Dataset records:
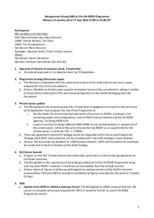 Home Document Library Minutes MG Call 17 Sept 2014 Minutes MG call 17 Sept 2014 Tue, 11 Nov, 2014 Download the resource Format: application/pdf Size: (0.079 MB) download Filed under: Category Empty Related publications View all Foundation documents 23 May, 2025UN-REDD Programme Developer 23/05/2025 - Document Download English 21 May, 2025UN-REDD Programme Draft UN-REDD 2026-2030 Strategy Download English 21 May, 2025UN-REDD Programme Draft Monitoring and Evaluation Framework UN-REDD 2026-30 Download English
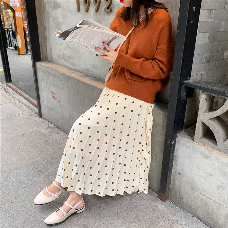 程よい大きさのドット柄が大人可愛い着こなしが叶うプリーツスカートです♪
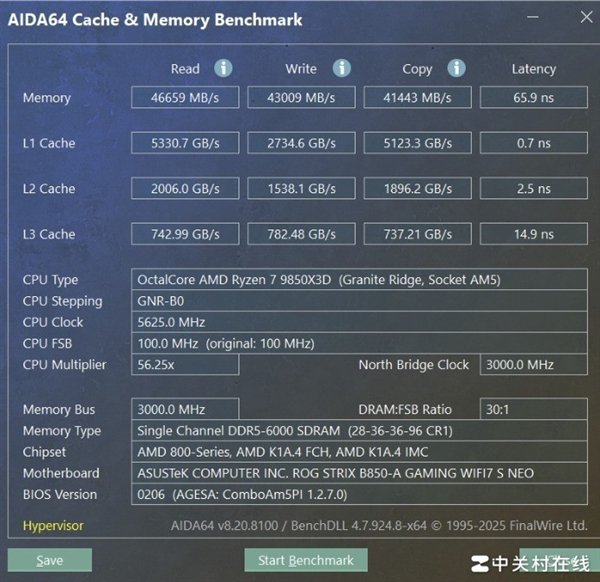 我们这里也给大家实测了,单根16GB DDR5 6000内存和双16GB DDR5 6000内存之间的内存差异,大家可以参考一下。首先是基准性能,我们来看一下双16GB DDR5 6000内存的跑分。
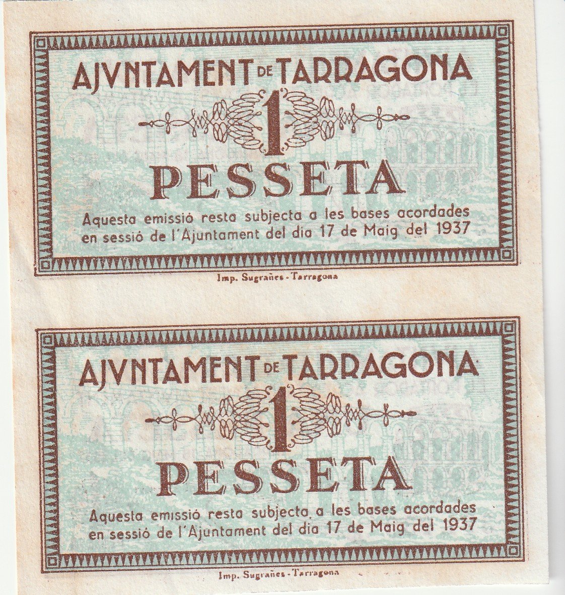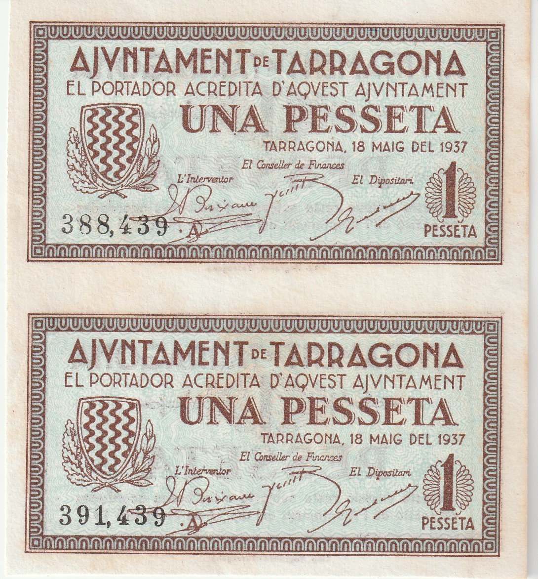 España, Billete Local de TARRAGONA, 1Pta. 1937, Pareja sin cortar, Nº 388439/391439, Look Scand, UNC
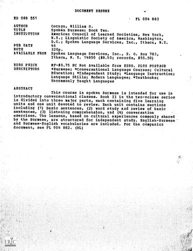 این دوره به زبان برمه ای گفتاری برای کلاس های مکالمه مقدماتی در نظر گرفته شده است. کتاب دوم در مجموعه دو جلدی به سه بخش عمده تقسیم شده است که هر بخش شامل پنج واحد آموزشی و یک واحد به بررسی اختصاص یافته است. هر واحد شامل بخش هایی شامل جملات اساسی، مطالعه کلمات و مرور جملات اساسی، درک شنیداری و تمرینات مکالمه است. درس‌ها، بر اساس تجربیات فرهنگی که معمولاً توسط برمه‌ها به اشتراک گذاشته می‌شوند، برای مطالعه مستقل ساختار یافته‌اند. واژگان انگلیسی-برمه‌ای و برمه-انگلیسی گنجانده شده‌اند.
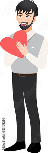 Cartoon character with man holding hearts. Valentine s Day festival. Love and volunteering
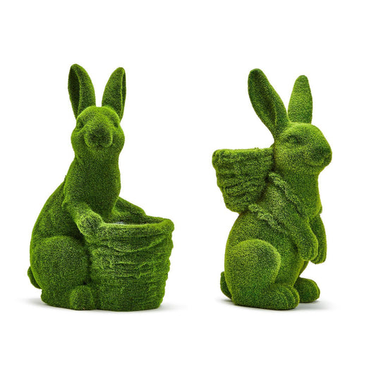17" Hoppy Easter Faux Moss Easter Bunnies with Baskets - SET OF 2
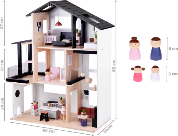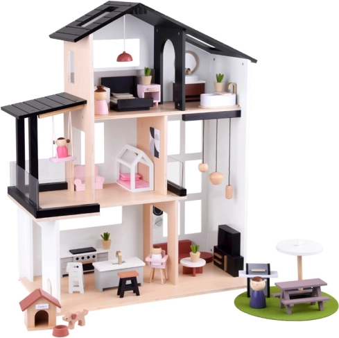 Cercate la casa delle bambole perfetta per sviluppare la creatività dei vostri bambini? Questa moderna casa delle bambole in legno in stile Loft è la soluzione ideale. Realizzata in legno di alta qualità con attenzione ai dettagli, la casa include non solo un elegante soggiorno, una cucina moderna e una camera da letto accogliente, ma anche un bagno funzionale e un balcone.
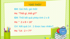 GV: Thổi kết quả phép tính 2 x 8 Hs: “ 2 x 8 = 16”
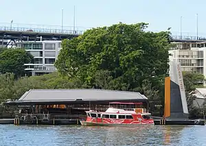 The wharf was destroyed during the January 2011 Brisbane floods.[5] A temporary replacement opened on 18 April 2011.[6][7] The temporary wharf closed in April 2015 to allow a new "permanent" wharf to be built.[8][9] It opened on 23 June 2015.[10][11] The Ferry Terminal was once again destroyed during the 2022 eastern Australia floods, when struck by a house boat.

Task prompt:
Each line from the first line of the records through the line containing "این دوره به" must be reproduced exactly, with both ends included and all pictures omitted; nothing else belongs in the answer.

Answer section:
 Home Document Library Minutes MG Call 17 Sept 2014 Minutes MG call 17 Sept 2014 Tue, 11 Nov, 2014 Download the resource Format: application/pdf Size: (0.079 MB) download Filed under: Category Empty Related publications View all Foundation documents 23 May, 2025UN-REDD Programme Developer 23/05/2025 - Document Download English 21 May, 2025UN-REDD Programme Draft UN-REDD 2026-2030 Strategy Download English 21 May, 2025UN-REDD Programme Draft Monitoring and Evaluation Framework UN-REDD 2026-30 Download English
 程よい大きさのドット柄が大人可愛い着こなしが叶うプリーツスカートです♪
 我们这里也给大家实测了,单根16GB DDR5 6000内存和双16GB DDR5 6000内存之间的内存差异,大家可以参考一下。首先是基准性能,我们来看一下双16GB DDR5 6000内存的跑分。
 España, Billete Local de TARRAGONA, 1Pta. 1937, Pareja sin cortar, Nº 388439/391439, Look Scand, UNC
 این دوره به زبان برمه ای گفتاری برای کلاس های مکالمه مقدماتی در نظر گرفته شده است. کتاب دوم در مجموعه دو جلدی به سه بخش عمده تقسیم شده است که هر بخش شامل پنج واحد آموزشی و یک واحد به بررسی اختصاص یافته است. هر واحد شامل بخش هایی شامل جملات اساسی، مطالعه کلمات و مرور جملات اساسی، درک شنیداری و تمرینات مکالمه است. درس‌ها، بر اساس تجربیات فرهنگی که معمولاً توسط برمه‌ها به اشتراک گذاشته می‌شوند، برای مطالعه مستقل ساختار یافته‌اند. واژگان انگلیسی-برمه‌ای و برمه-انگلیسی گنجانده شده‌اند.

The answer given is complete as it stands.